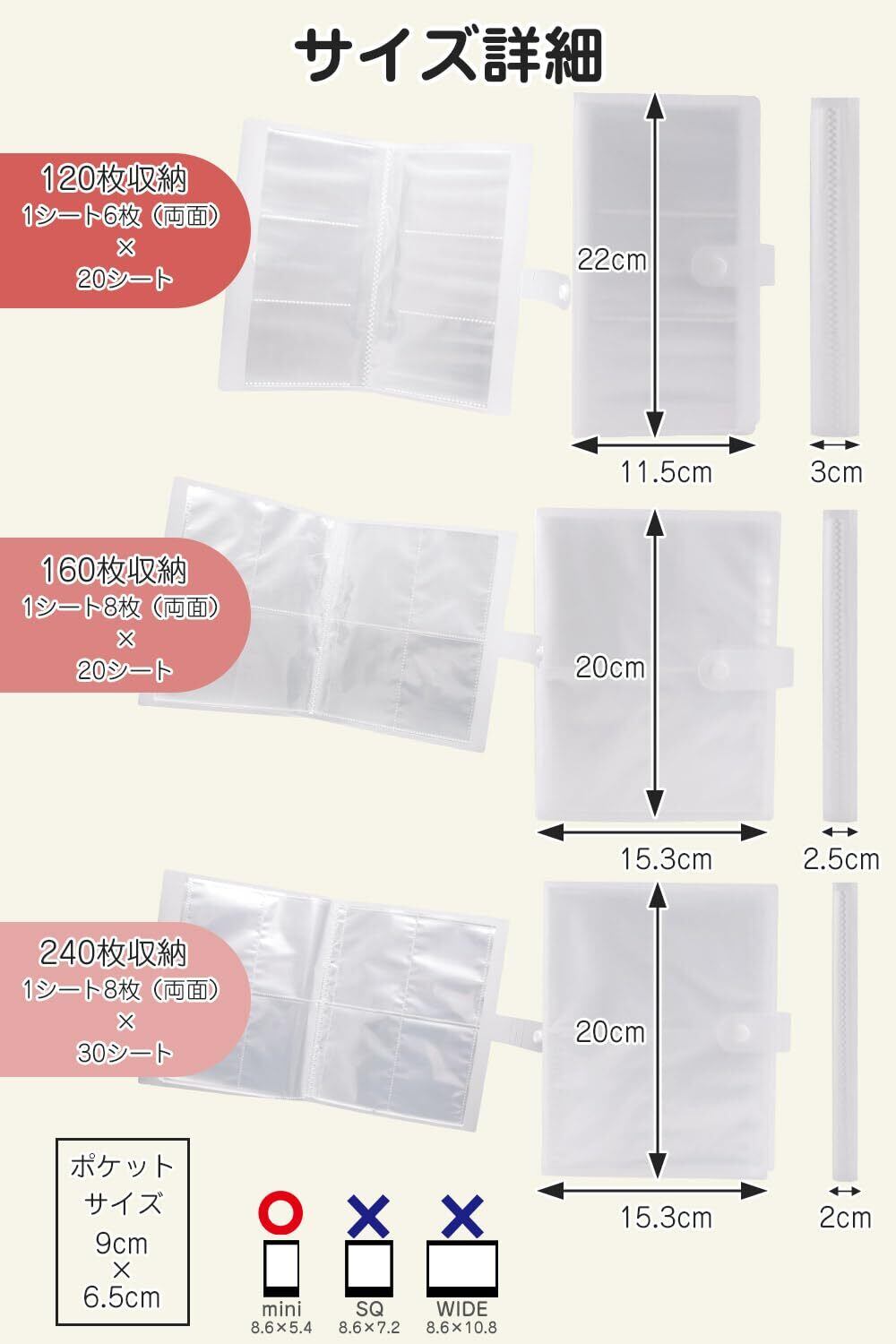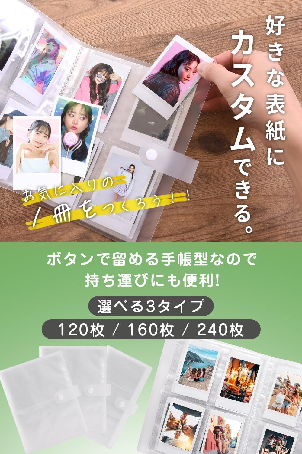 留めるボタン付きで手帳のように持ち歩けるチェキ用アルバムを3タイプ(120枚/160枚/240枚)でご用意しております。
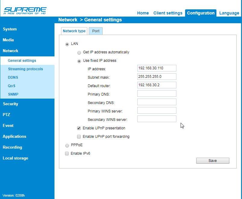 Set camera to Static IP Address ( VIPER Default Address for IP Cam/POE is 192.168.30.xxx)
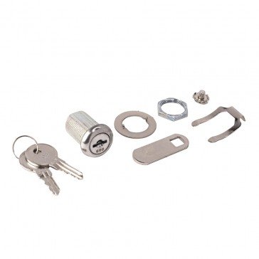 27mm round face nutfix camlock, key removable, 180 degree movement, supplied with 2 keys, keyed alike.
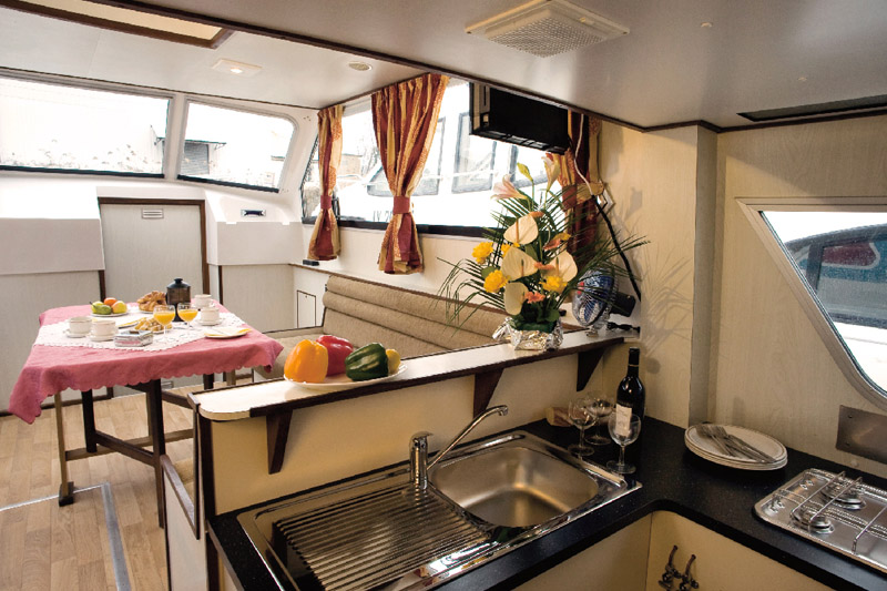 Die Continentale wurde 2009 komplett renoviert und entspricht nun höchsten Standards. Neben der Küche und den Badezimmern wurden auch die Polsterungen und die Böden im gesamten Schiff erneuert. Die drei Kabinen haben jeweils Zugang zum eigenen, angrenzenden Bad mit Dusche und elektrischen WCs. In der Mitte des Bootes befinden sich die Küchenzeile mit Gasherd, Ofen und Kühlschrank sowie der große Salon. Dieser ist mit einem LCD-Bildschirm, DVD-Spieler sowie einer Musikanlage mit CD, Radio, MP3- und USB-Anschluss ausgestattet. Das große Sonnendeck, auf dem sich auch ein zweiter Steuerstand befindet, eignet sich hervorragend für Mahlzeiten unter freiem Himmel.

------------------------

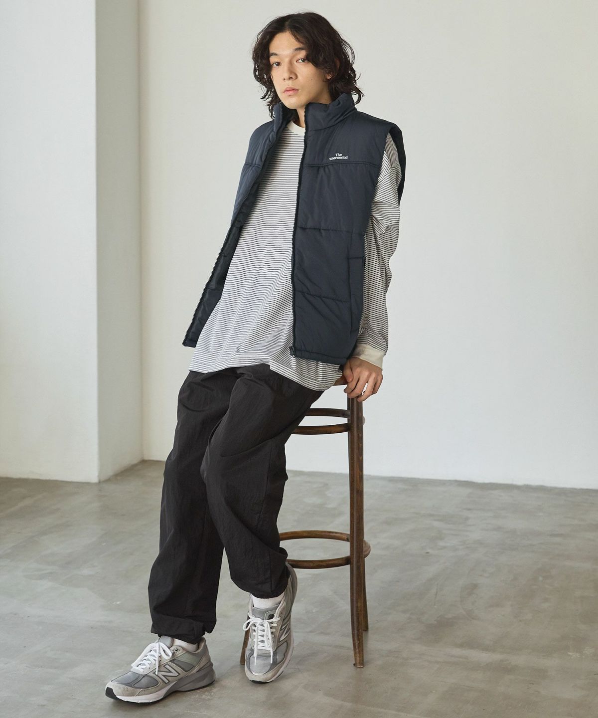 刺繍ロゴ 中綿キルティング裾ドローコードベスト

------------------------

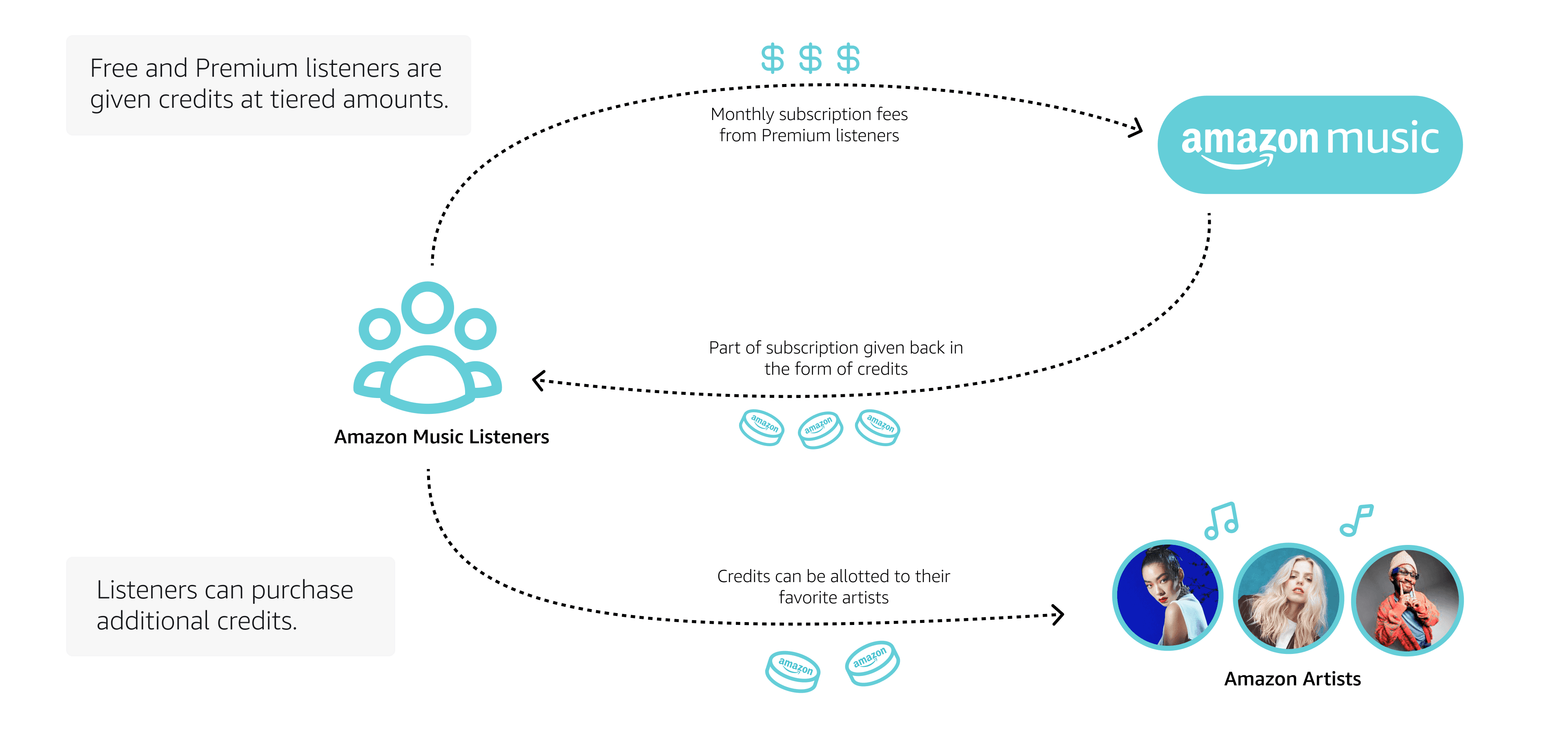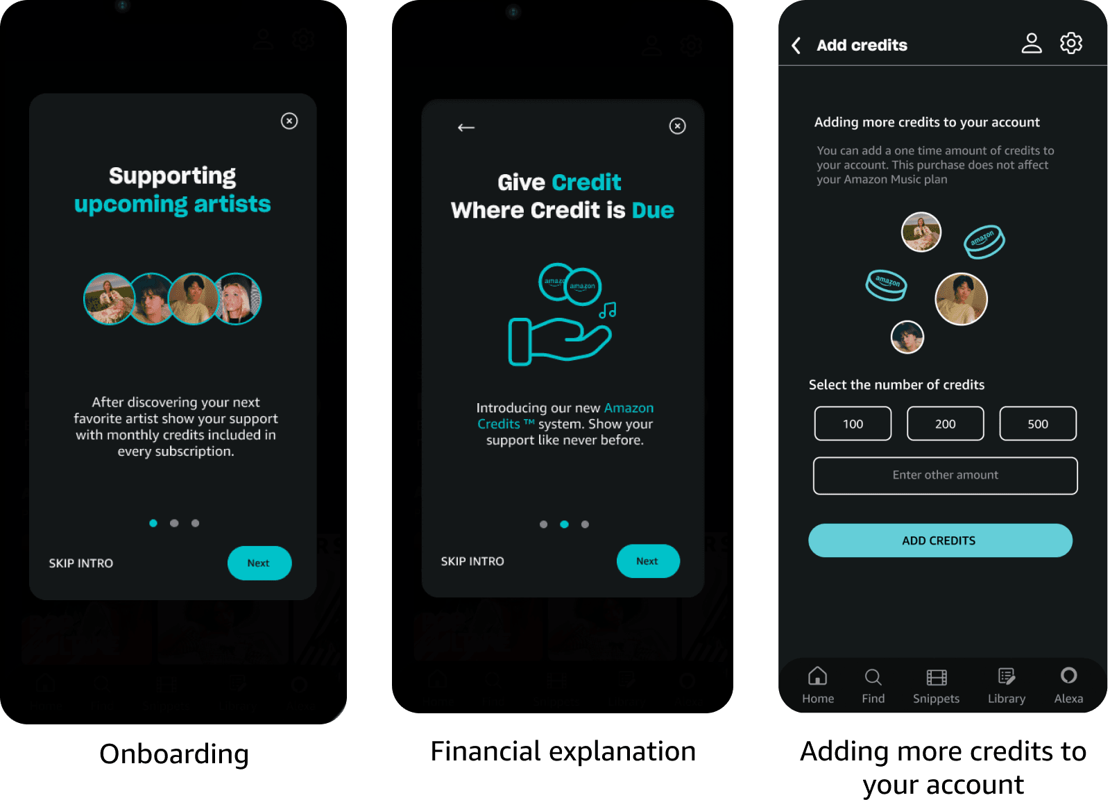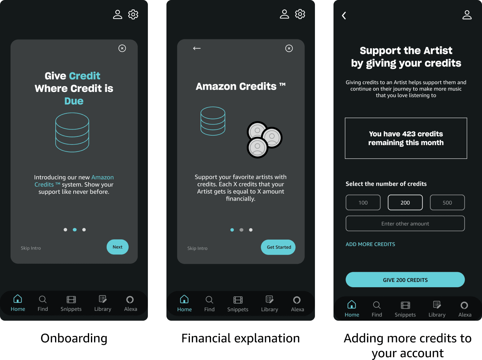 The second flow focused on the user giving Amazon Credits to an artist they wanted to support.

------------------------

* Action item
Reproduce, word for word, everything in the listing above from the line containing "Set camera to" down to the line containing "Die Continentale wurde", both of them included. No pictures.

* Task response
 Set camera to Static IP Address ( VIPER Default Address for IP Cam/POE is 192.168.30.xxx)
 27mm round face nutfix camlock, key removable, 180 degree movement, supplied with 2 keys, keyed alike.
 Die Continentale wurde 2009 komplett renoviert und entspricht nun höchsten Standards. Neben der Küche und den Badezimmern wurden auch die Polsterungen und die Böden im gesamten Schiff erneuert. Die drei Kabinen haben jeweils Zugang zum eigenen, angrenzenden Bad mit Dusche und elektrischen WCs. In der Mitte des Bootes befinden sich die Küchenzeile mit Gasherd, Ofen und Kühlschrank sowie der große Salon. Dieser ist mit einem LCD-Bildschirm, DVD-Spieler sowie einer Musikanlage mit CD, Radio, MP3- und USB-Anschluss ausgestattet. Das große Sonnendeck, auf dem sich auch ein zweiter Steuerstand befindet, eignet sich hervorragend für Mahlzeiten unter freiem Himmel.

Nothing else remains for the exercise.